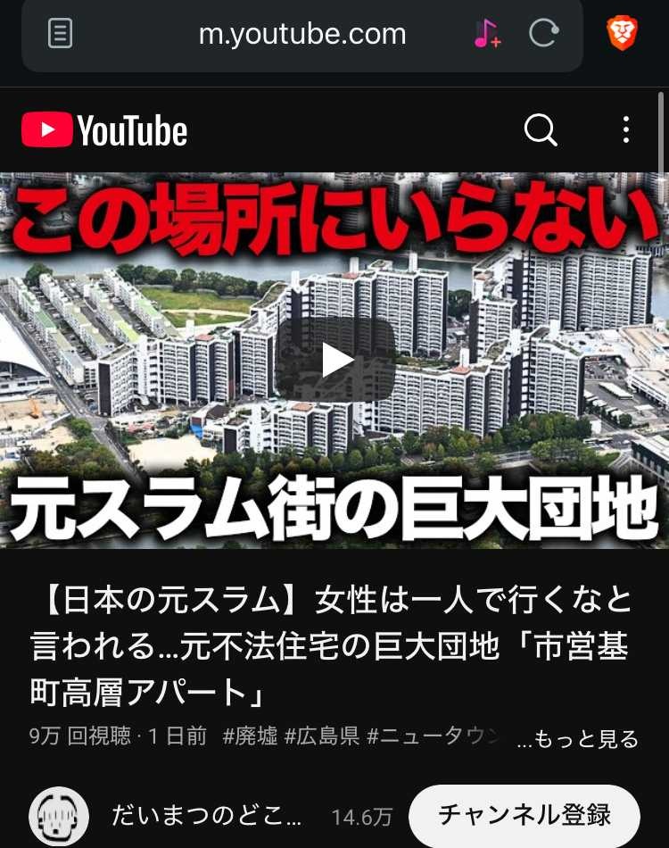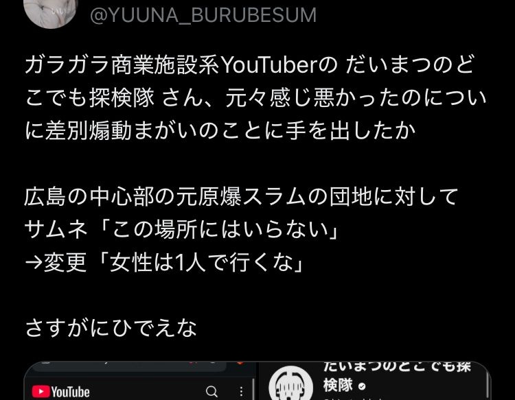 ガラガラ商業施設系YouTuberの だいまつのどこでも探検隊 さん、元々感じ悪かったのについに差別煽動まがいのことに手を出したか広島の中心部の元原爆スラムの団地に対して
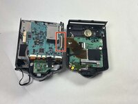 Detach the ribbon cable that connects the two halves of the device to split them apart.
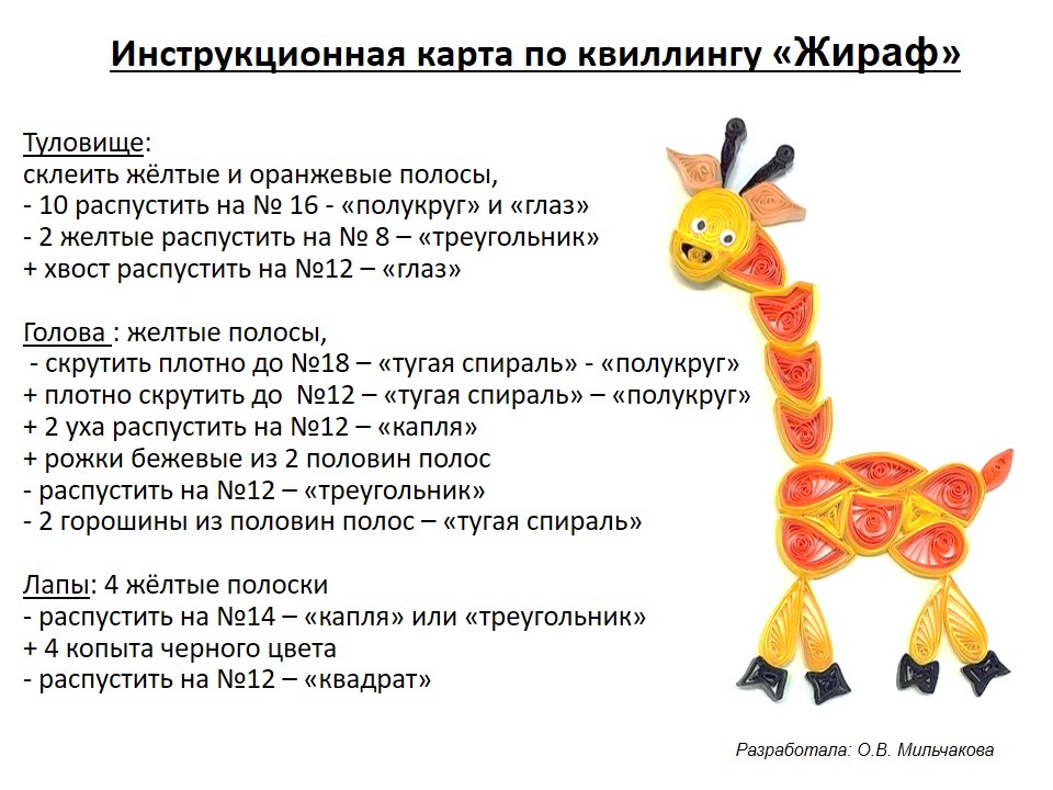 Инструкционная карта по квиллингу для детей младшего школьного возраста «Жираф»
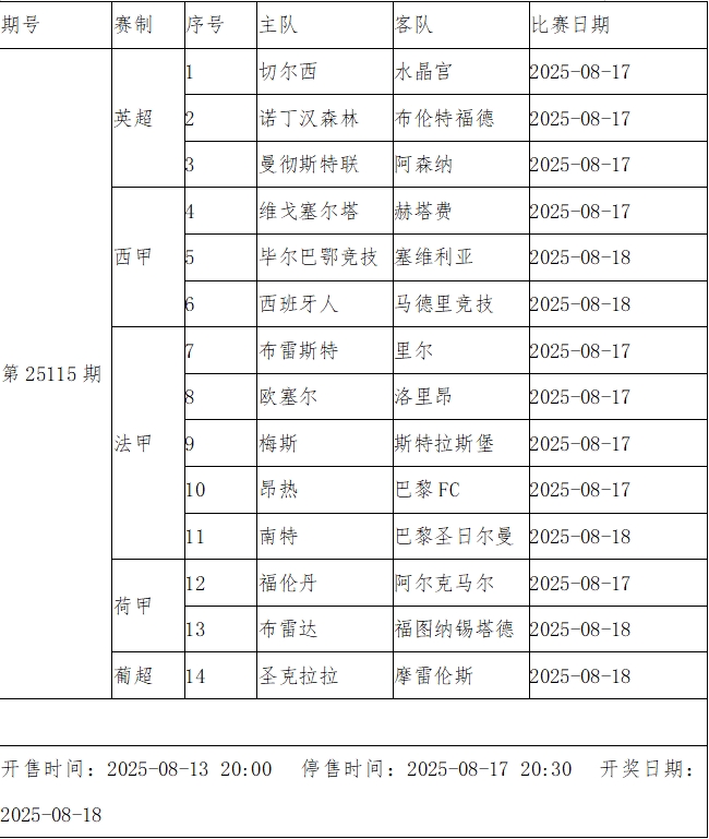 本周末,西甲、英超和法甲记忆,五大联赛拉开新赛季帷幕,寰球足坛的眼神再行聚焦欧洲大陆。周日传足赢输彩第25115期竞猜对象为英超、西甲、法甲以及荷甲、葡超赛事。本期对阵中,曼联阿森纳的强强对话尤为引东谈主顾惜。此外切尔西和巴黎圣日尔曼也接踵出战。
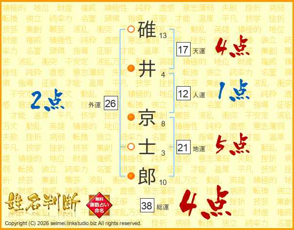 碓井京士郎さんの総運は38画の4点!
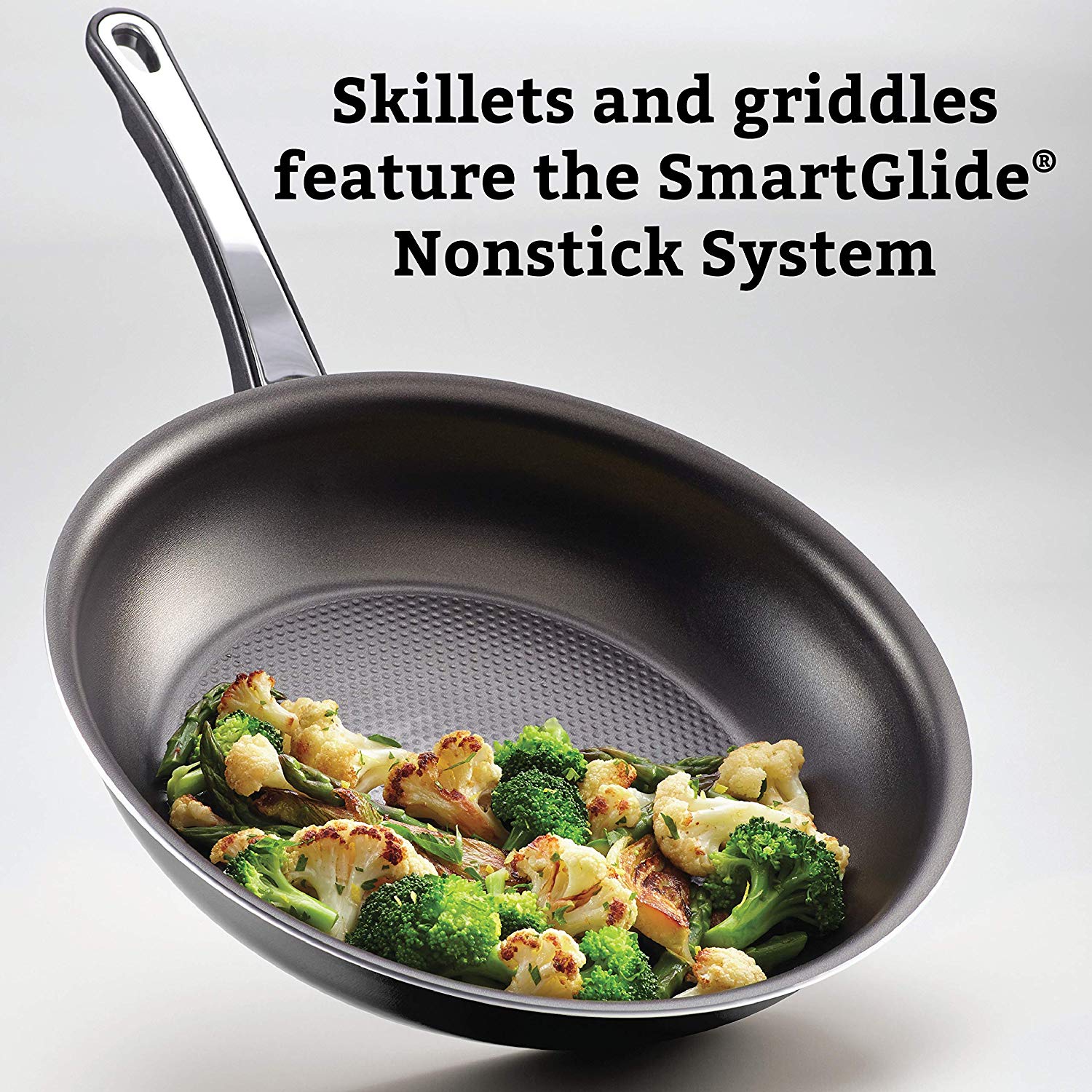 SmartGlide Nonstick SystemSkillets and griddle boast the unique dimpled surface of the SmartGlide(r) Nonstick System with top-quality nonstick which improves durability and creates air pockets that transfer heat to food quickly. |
○ ○ ○ ○ ○ ○ ○
* [INSTRUCTIONS TO FOLLOW] Without changing a word, transcribe all of the data and omit its images.

* [RESULT]
 ガラガラ商業施設系YouTuberの だいまつのどこでも探検隊 さん、元々感じ悪かったのについに差別煽動まがいのことに手を出したか広島の中心部の元原爆スラムの団地に対して
 Detach the ribbon cable that connects the two halves of the device to split them apart.
 Инструкционная карта по квиллингу для детей младшего школьного возраста «Жираф»
 本周末,西甲、英超和法甲记忆,五大联赛拉开新赛季帷幕,寰球足坛的眼神再行聚焦欧洲大陆。周日传足赢输彩第25115期竞猜对象为英超、西甲、法甲以及荷甲、葡超赛事。本期对阵中,曼联阿森纳的强强对话尤为引东谈主顾惜。此外切尔西和巴黎圣日尔曼也接踵出战。
 碓井京士郎さんの総運は38画の4点!
 SmartGlide Nonstick SystemSkillets and griddle boast the unique dimpled surface of the SmartGlide(r) Nonstick System with top-quality nonstick which improves durability and creates air pockets that transfer heat to food quickly. |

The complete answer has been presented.